Rapid Reaction: Matthew’s Mark on NC Includes Heavy Rain, Flooding

Hurricane Matthew won’t go down in the record books as a landfalling storm in North Carolina. At Category-1 strength as it grazed the coastline, it also won’t rank highly among the strongest storms to affect our state. However, its widespread impacts packed a punch that few other storms in our state’s history can match.

North Carolina was the final leg of Matthew’s journey that began two full weeks earlier, when the National Hurricane Center first identified an area of interest off the African coast. Matthew was first classified as a tropical storm on September 28, and just two days later, it underwent rapid intensification from a Category 1 to a Category 5 hurricane.

With maximum sustained winds of 161 mph at its peak intensity on October 1, Matthew became the strongest Atlantic hurricane since Felix in 2007. Warm water in the Caribbean Sea helped Matthew rapidly gain steam, but it also intensified in spite of moderate vertical wind shear, which typically hinders storm development.

Radar imagery of Matthew on October 8 and 9.

Unlike Felix and many other storms that have taken a southerly track across the Caribbean, Matthew made a turn to the north under the steering influence of ridge near Bermuda. That put it on a similar track as Hazel — North Carolina’s only landfalling Category-4 hurricane on record — with plenty more warm water awaiting over the Gulf Stream that could help Matthew re-intensify after a trip across Jamaica and Cuba.

Matthew’s slow movement and its impending interaction with a stationary front off the east coast made forecasting its track particularly difficult. Initially, it appeared on a direct collision course with the southern coast, à la Bertha in 1996. Later, forecasts showed Matthew curving away from the coast in a loop with an impending second encounter with the Bahamas.

Ultimately, the front retreated inland, which allowed Matthew to track farther north and closer to the North Carolina coast. The storm’s only US landfall came on Saturday morning just north of Charleston, and afterwards, it hugged the coastline as a Category-1 storm. However, that diminished strength didn’t lessen the storm’s impacts.

Total precipitation and maximum wind gusts from Hurricane Matthew.

Rain from Matthew moved over North Carolina beginning early on Saturday, and for the next 24 hours, there were few breaks in the rain across the eastern half of the state. Totals amounted to 2 to 4 inches in the Triad and Charlotte, 6 to 8 inches in the Triangle, and more than 10 inches across much of the interior Coastal Plain.

The highest totals came in Wayne County, including 15.24 inches at the Seymour Johnson Air Force Base, and Cumberland County, with CoCoRaHS reports of 14.32 inches near Godwin and 14.71 inches near Hope Mills.

Tropical storm-force wind gusts were reported across the Coastal Plain and eastern Piedmont. Along the immediate coastline, gusts as high as 70 mph in Wilmington and Beaufort and 72 mph in Jacksonville were observed.
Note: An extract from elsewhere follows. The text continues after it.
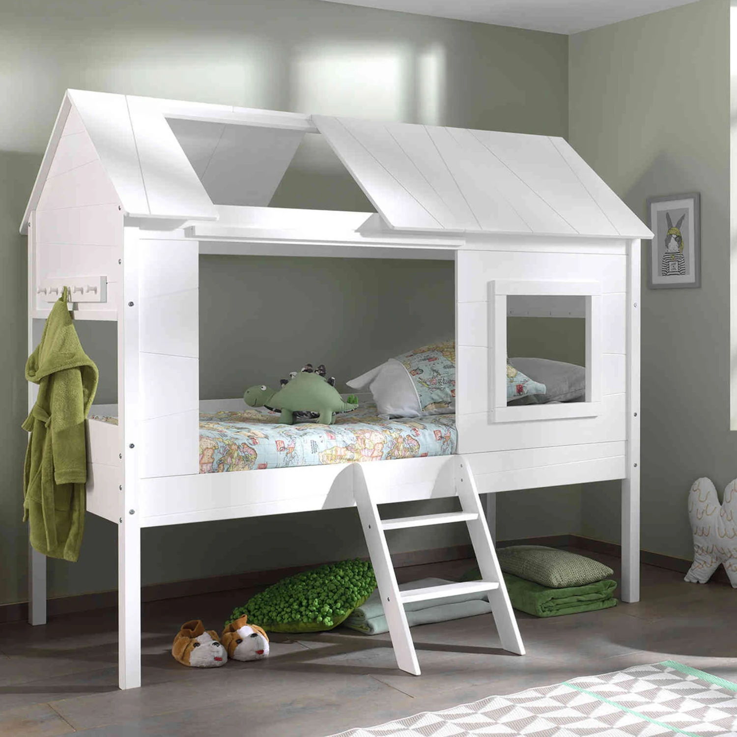 Lit cabane en pin massif et bois MDF de couleur blanche, il est prévu pour accueillir un matelas et sommier de dimensions 90×200 (matelas et sommier en option, non inclus). Enveloppante avec son toit et disposant de fenêtres latérales, cette cabane a tout d’une vraie et sera un formidable terrain de jeux et de rêves pour votre enfant. Il n’y aura pas de décoloration dans le temps grâce à la laque UV. Ce lit conviendra aussi bien pour une chambre de fille que celle d’un garçon.

As we have seen in Hurricane Fran and other storms, that combination of ground-soaking rains and high winds is always a dangerous one. Matthew brought a bit more rain and slightly weaker winds than Fran, but the outcome was similar: widespread downed trees and more than 814,000 power outages — about half as many as at the peak during Fran — at one point on Sunday morning.

A flooded neighborhood in Fayetteville is evacuated. (Image courtesy of the NC Department of Emergency Management and North Carolina National Guard)

As the damage assessment started and electricity began to be restored, the storm’s greatest threat emerged. The heavy rain falling on already saturated ground meant water spilling onto roads, out of rivers and tributaries, and breaching dams, especially near Fayetteville, which received up to 10 inches of rain just one week before Matthew.

Similar back-to-back heavy rain events resulted in catastrophic flooding during Hurricane Floyd in 1999, and several gauges along the Neuse, Cape Fear, and Lumber rivers have already exceeded their record levels from Floyd — high-water marks that at times seemed unbreakable.

That water is working its way down the river basins to the coast, which means that despite the clear, fall-like weather this week, the flooding threat isn’t over yet. Because of that, we also don’t yet have a full picture of Matthew’s damage across the state, particularly to flooded homes, business, and farm fields.

At the time of publication, 10 deaths in North Carolina have been attributed to the storm, mostly due to flooding. That already puts this storm just outside the top 10 of North Carolina’s deadliest hurricanes, and the eventual cost is likely to place Matthew well within our top 10 costliest storms as well.